Yesterday the Nobel Committee announced that Chinese author Mo Yan had earned this year's prize for literature. One of China's best known writers, Mo Yan has has been heralded as one of China's preeminent writers. But Mo Yan has not always been so highly regarded by China's government.
"Don't Speak"
Born Guan Moye in 1955 to a family of farmers, Mo Yan was raised in the Shandong province. During the Cultural Revolution, he left school to work at a petroleum factory. Afterward, he joined the People's Liberation Army. In 1981, still a soldier, he began writing. Three years later he earned a teaching position at the Department of Literature in the Army's Cultural Academy. He went on to earn a masters in Literature from Beijing Normal University in 1991.
Mo Yan means "Don't speak" in Chinese. The author says that he took this pen name because his parents always warned him not to speak his mind publicly. He grew up in the 1950's, during a time of great political strife. Mo Yan began writing as China entered a period of reform, but some of his work was still banned early in his career; Mo Yan didn't shy away from addressing the Communist or Cultural Revolutions, and he often took a different stance on these events than the Chinese government.
As Mo Yan's career progressed, his writing has received not merely acceptance from the government, but widespread acclaim. The Chinese press called Mo Yan's achievement a "history making first" yet Mo Yan is not the country's first Nobel laureate in Literature. Indeed the Chinese government has been seeking a Nobel Prize in Literature for years now; a recent article in the New Yorker even explored China's "Nobel complex."
And in 2000, Chinese-born writer Gao Xingjian did win the prestigious award. Immediately following the announcement, China's then Prime Minister Zhu Rongji congratulated Gao and noted the richness and appeal of the Chinese language. But by then Gao had French citizenship--and he'd also spoken out against the Communist party. The Chinese government's official stance was that Gao's Nobel was awarded for political reasons, not for his talent as an author. The government's disapproval for Gao is so strong that many Chinese books on Nobel laureates omit the year 2000 altogether. Gao clearly left a complicated legacy (explored here by Sebastian Veg).

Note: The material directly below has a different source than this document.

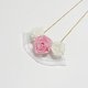 A gold metal plate is attached to the back of each white rose and connected to a chain.
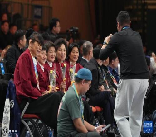 3月7日,在场边观赛的中国篮球名人堂成员郑海霞(左一)等在接受献花后合影。新华社记者 孟永民 摄

Meanwhile Mo Yan finds himself in a delicate position as a Nobel laureate. Currently endorsed by his government, he has expressed a desire to avoid discussing the political implications of the prize. But he also lives in a country where authors are imprisoned for their work, and many have questioned Mo Yan about whether he'll come to their defense. It's no wonder that Mo Yan was both "overjoyed and scared" at the news that he'd won the prize.
Mo Yan 's Place in the Tapestry of World Literature
Mo Yan has long been a proponent of Chinese writers' reading world literature. He noted at the 2009 Frankfurt Book Fair that literature has the power to "overcome the barriers that separate countries and nations." The influence of authors from around the world is quite evident in his work. Though he was profoundly influenced by the classical Chinese novel Water Margin, Mo Yan also draws from the magical realism of Gabriel Garcia Marquez and the social realism of Lu Xun.
Critics also often compare Mo Yan to Joseph Heller and Franz Kafka. But such a view oversimplifies Mo Yan's style and the tradition of the Chinese novel. When John Updike reviewed Big Breasts and Wide Hips for the New Yorker in 2005, he observed that "the Chinese novel, perhaps, had no Victorian heyday to teach it decorum" and extolled Mo Yan's "abundant and hyperactive" metaphors.
Mo Yan's position as China's "first" Nobel laureate in literature puts him in a unique position as both an author and a political figure. It will certainly be interesting to watch how he wields this new-found clout in years to come.